Monday, August 15, 2011

A lesson for those who would journey- my experience with the dancing crone


Pissed off and discouraged, I came home from running errands yesterday with one furious spouse and two whining , crying children.  The boys were sent to their room for a nap; my husband settled down with the computer to update my phone and I put my earbuds in and listened to some shamanic drumming.

At some point, I took a journey into the Otherworld.  This isn't an unfamiliar sensation, but the expereince I was met with yesterday was extremely interesting. I found my self climbing a steep moutainside, that was riddled with narrow, yonic caves.  At one, I was compelled to enter.  I met my inner crone.  Dancing nude with clawed hands and wild, grey hair. Her eyes, though faded, were distinctly mine- blue with a green patch. She was as comical as she was frightening.  Being in a bit of a mood myself, I rather defiantly  leaned against the wall, arms crossed and sullen as the bratty teenager I once was, I watched.  Sagging breasts and thighs bounced to the sound of drums.  Claws and teeth scratched and rattled in counterpoint.  She noticed that i was not properly respectful, or horrified. 

She got my attention by scartching her long claws down my face.  From forehead to jawline, she left deep, bleeding furrows.  It hurt, through my stinging, damaged eyes, I saw the cauldron over the fire. A moment later, I was inside it, as she stirred the glowing liquid and me.  She was cooking me, but it was not out of malice or a desire to cause me pain.  Since I refused to learn the lessons she would impart in a grown up and respecful fashion, she delivered them in a fashion I could understand.

The cauldron was an agent of change.  She was merely coaxing me along on my journey.  In her eyes, I could see sorrow at the pain she had caused, pride that I finally figured out what was happening and joy that I was finally emabracing change.  The anger and frustration I had enetered with washed away.  Smiling at her, I sank into the waters of change and found myself travelling through the stars.  

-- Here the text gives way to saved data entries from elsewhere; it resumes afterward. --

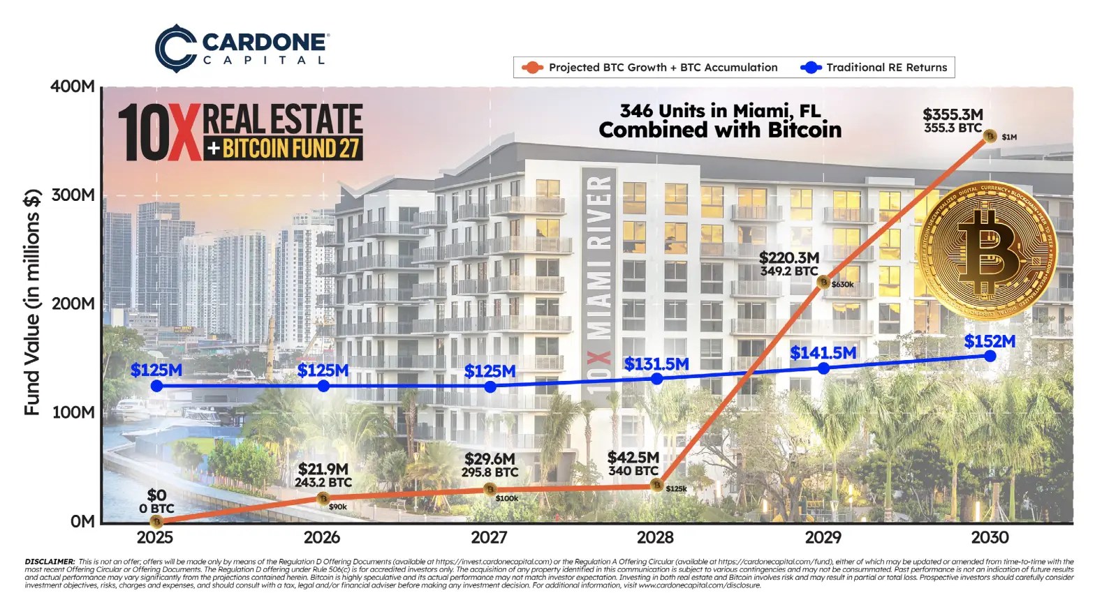 One highlight includes a flagship asset: 346 units in Miami, Florida, where projected fund value growth is modeled to significantly outperform traditional real estate returns when Bitcoin exposure is added.
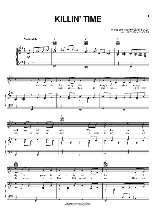 Digital Sheet Music for Killin' Time by Clint Black, Hayden Nicholas scored for Piano/Vocal/Chords; id:373399
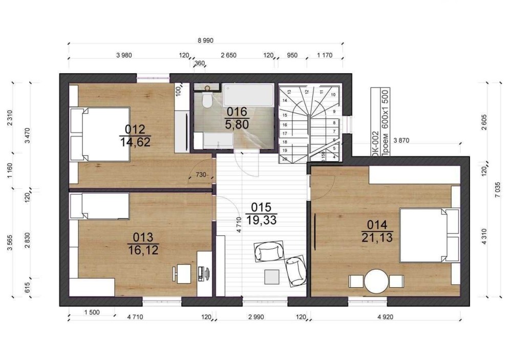 Второй этаж - три спальни, санузел душевая кабина.
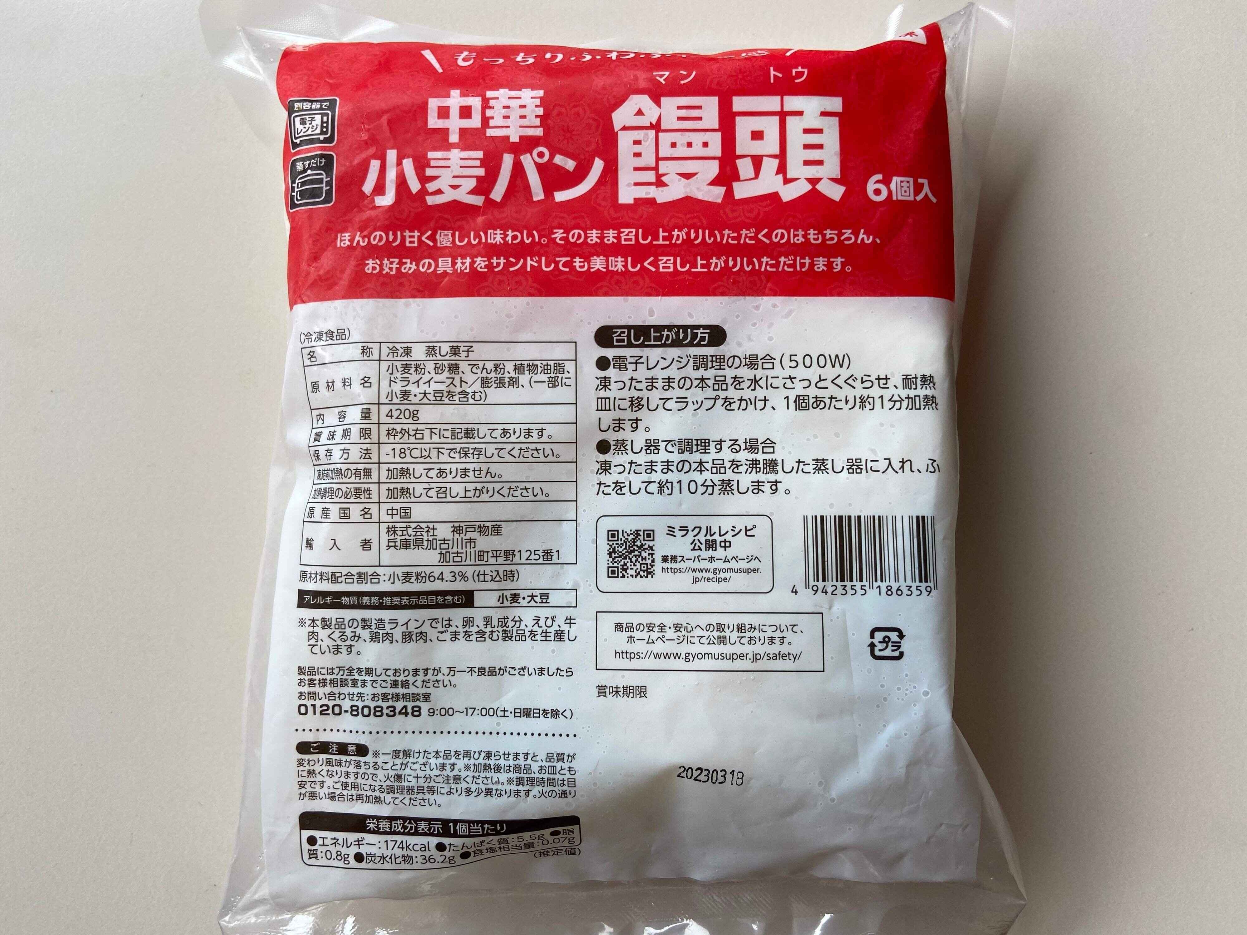 業務スーパーの冷凍コーナーで発見した新商品「中華小麦パン饅頭」(322円)。饅頭と書いて「マントウ」と呼ぶ、中華点心のひとつです。
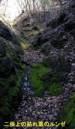 そのせまいルンゼ状は腰までもぐり込む枯れ葉で埋まっていて、その中に幾つか小さな滝がある。
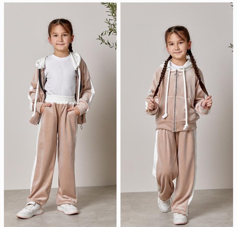 через кнопку купити тільки повна оплата!!!! Стильовий та мʼякенький велюровий костюмчик 🥰❤️🥰 Вільний крій 🤩 Ніжний колір з акцентними білими лампасами 😍 Діючі кишеньки в кофтинці та штанцях ☺️ В штанцях утяжки понизу, що дає можливість носити їх, як широкими, так і завуженими 🥰 Широка резиночка в поясі 👌🏻 Кофтинка на блискавці ⚡️ Тканина: королівський велюр💞 Виробник: Україна 🇺🇦 р.116-1шт р.128-1шт ЗАМІРИ ⤵️ +/- 1-2см!!! ◾р.116- Кофта: довжина від плеча 44см/ рукав від горловини 45см/ ПОГ 44см. Штани: довжина по бічному шву 68см/ крок 49см/ ширина стегон 35см. ◾р.128- Кофта: довжина від плеча 47см/ рукав від горловини 49см/ ПОГ 47см. Штани: довжина по бічному шву 75см/ крок 55см/ ширина стегон 38см.

In each of us, all of womankind is whole.  As we live out our lives, so similar and so different from each other and from our fore mothers, we are carrying on traditional and blazing trails.  We are not he end or the beginning.  We are, and that matters.  Embracing the changes of life is liberating and creative.  Fighting to hold onto the past negates the joys of the future; it stops the natural flow of time, creating stagnant pools, rather than cauldrons and crucibles of change.  When faced with your inner crone, learn form my lesson: respect her, listen and allow her to impart or her wisdom, or she'll find another way to be heard.